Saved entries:
════════════════

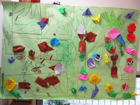 少し難しい所は「ここ、どうやるの?」と訊いたり「ここまで折れたよ!」と保育士に見せながら楽しみました。模造紙の絵は、らいおん組さんが、虫たちが集まれるように描いてくれました!
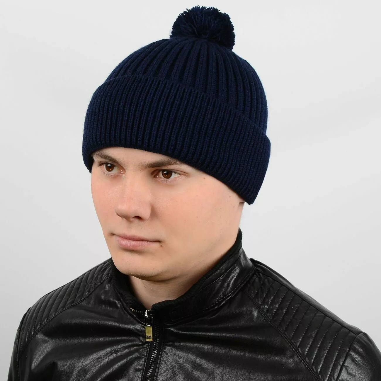 Классическая мужская вязаная шапка с ниточным помпоном - отлично
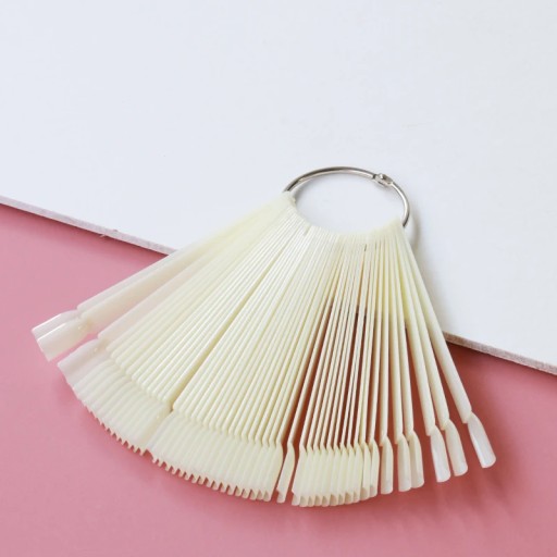 Praktyczny wzornik lakierów z 50 tipsami w kolorze mlecznym. Próbnik w formie wachlarza na metalowym kółku. Będzie bardzo pomocny podczas wybierania koloru lakieru lub wzorku na paznokcie. To bardzo czytelna, wygodna oraz estetyczna paleta do malowania lakierami klasycznymi, hybrydowymi lub żelami. Wzornik jest poręczny, solidnie wykonany, przydatny w każdym salonie kosmetycznym.
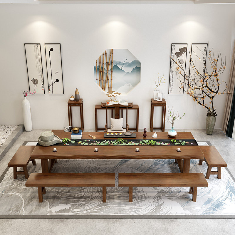 New Chinese classical pastoral solid wood circulating water tea table and chair combination Kung Fu tea table coffee table leisure fish raising and reception
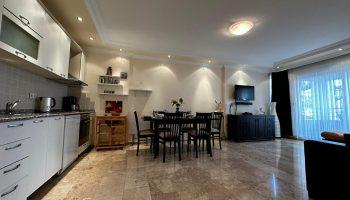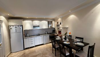 Стильные апартаменты площадью 120 м2 располагаются на 2 этаже. Имеют планировку 2+1, состоящую из двух спальных комнат, гостиной совмещенной с кухней американского типа, двух ванных комнат и террасы.

════════════════

**Assignment:**
Your answer must be every record above, word for word, with no pictures.

**Task result:**
 少し難しい所は「ここ、どうやるの?」と訊いたり「ここまで折れたよ!」と保育士に見せながら楽しみました。模造紙の絵は、らいおん組さんが、虫たちが集まれるように描いてくれました!
 Классическая мужская вязаная шапка с ниточным помпоном - отлично
 Praktyczny wzornik lakierów z 50 tipsami w kolorze mlecznym. Próbnik w formie wachlarza na metalowym kółku. Będzie bardzo pomocny podczas wybierania koloru lakieru lub wzorku na paznokcie. To bardzo czytelna, wygodna oraz estetyczna paleta do malowania lakierami klasycznymi, hybrydowymi lub żelami. Wzornik jest poręczny, solidnie wykonany, przydatny w każdym salonie kosmetycznym.
 New Chinese classical pastoral solid wood circulating water tea table and chair combination Kung Fu tea table coffee table leisure fish raising and reception
 Стильные апартаменты площадью 120 м2 располагаются на 2 этаже. Имеют планировку 2+1, состоящую из двух спальных комнат, гостиной совмещенной с кухней американского типа, двух ванных комнат и террасы.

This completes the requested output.